あるとき、町の無頼の者が「お前は長剣を下げているが、出来るものなら、おれを斬ってみよ。できないならおれの股の下をくぐってみよ」と嘲ったのでした。韓信はしばらく相手をにらんでいましたが、やがて這いつくばって、その無頼の者の股の下をくぐったとのことです。「韓信の股くぐり」と和漢折衷の格言となっています。
公衆の面前で侮辱を受けて「市の人背信を笑いて怯となす」というような状態に忍の一字で耐えぬいたからこそ、将来の彼があったといえましょう。

現代の社会で生活をしていると、人の一生のあいだには、耐えられないような屈辱を味わうことがあると思います。
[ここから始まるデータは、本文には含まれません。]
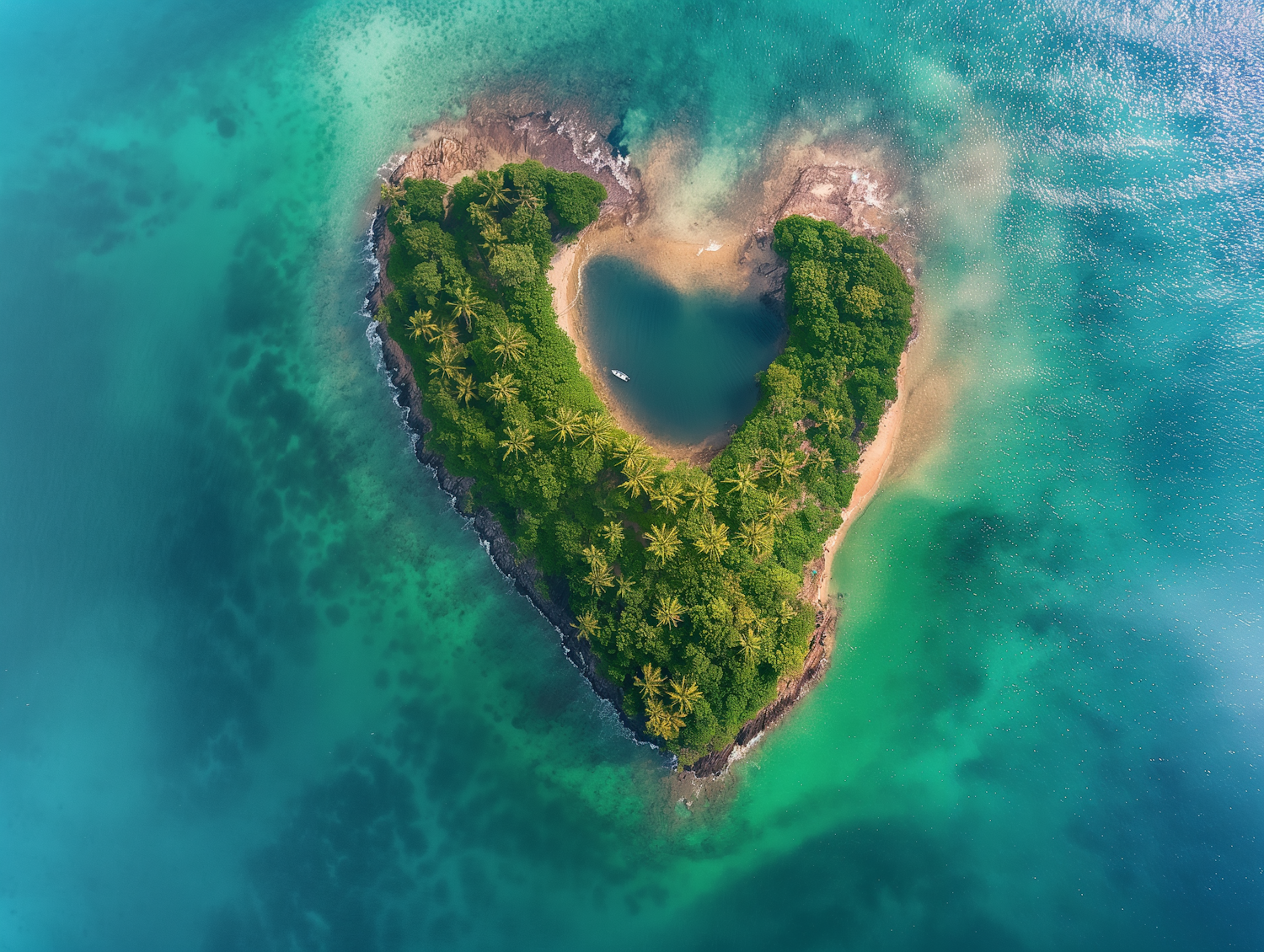 Aerial view of a heart-shaped island with lush greenery and turquoise waters, featuring a sandy beach and palm trees.

そのときに、どのように対処するかによって生涯に大きな影響を与えることになるのですから、出来るものなら耐えぬいて、その場を切り抜いて行きたいものです。
ビジネス社会で起こった場合の例を挙げてみましょう。
1)重要取引先の担当者が、些細なことに文句をつけて、他の業者の前で面罵した。
2)上司のなかに、好悪の極端な人物がいて、肉体上の欠点について宴席で笑いものにされた。
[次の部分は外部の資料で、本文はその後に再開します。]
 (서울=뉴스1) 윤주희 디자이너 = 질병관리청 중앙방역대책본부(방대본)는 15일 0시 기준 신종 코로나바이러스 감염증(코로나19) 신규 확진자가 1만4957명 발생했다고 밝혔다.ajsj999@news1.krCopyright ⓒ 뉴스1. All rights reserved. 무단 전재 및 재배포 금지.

3)努力を重ねて業績を上げ、会社に貢献しているのが明らかなのに、評価されずにないがしろの処遇を受けた。
などが、代表的な例でしょう。

このような許しがたい屈辱を受けたとき、すぐに反抗的になって、言葉を荒らげて相手に噛みついたり、辞表を出したりするような短絡的な行動は慎むべきでしょう。
ものごとは許せることと許せないことがあるのも事実でしょうが、人間関係でおきたトラブルについては、一旦は忍の一字で引き下がり、後日に冷静な判断にもどったとき解決を求める方が、適切な行動がとれるものです。
また、韓信が耐えることができたのは、彼には他に大志があったからで、その希望をかなえるためには小事にかかわっていてはいけない、という自戒の念が強かったからだと思います。
人間的な修養を積んだ大人物であれば、多少のことで動揺し、取り乱すことはないでしょうが、一般的には、そのような境地に到達するのは難しいものです。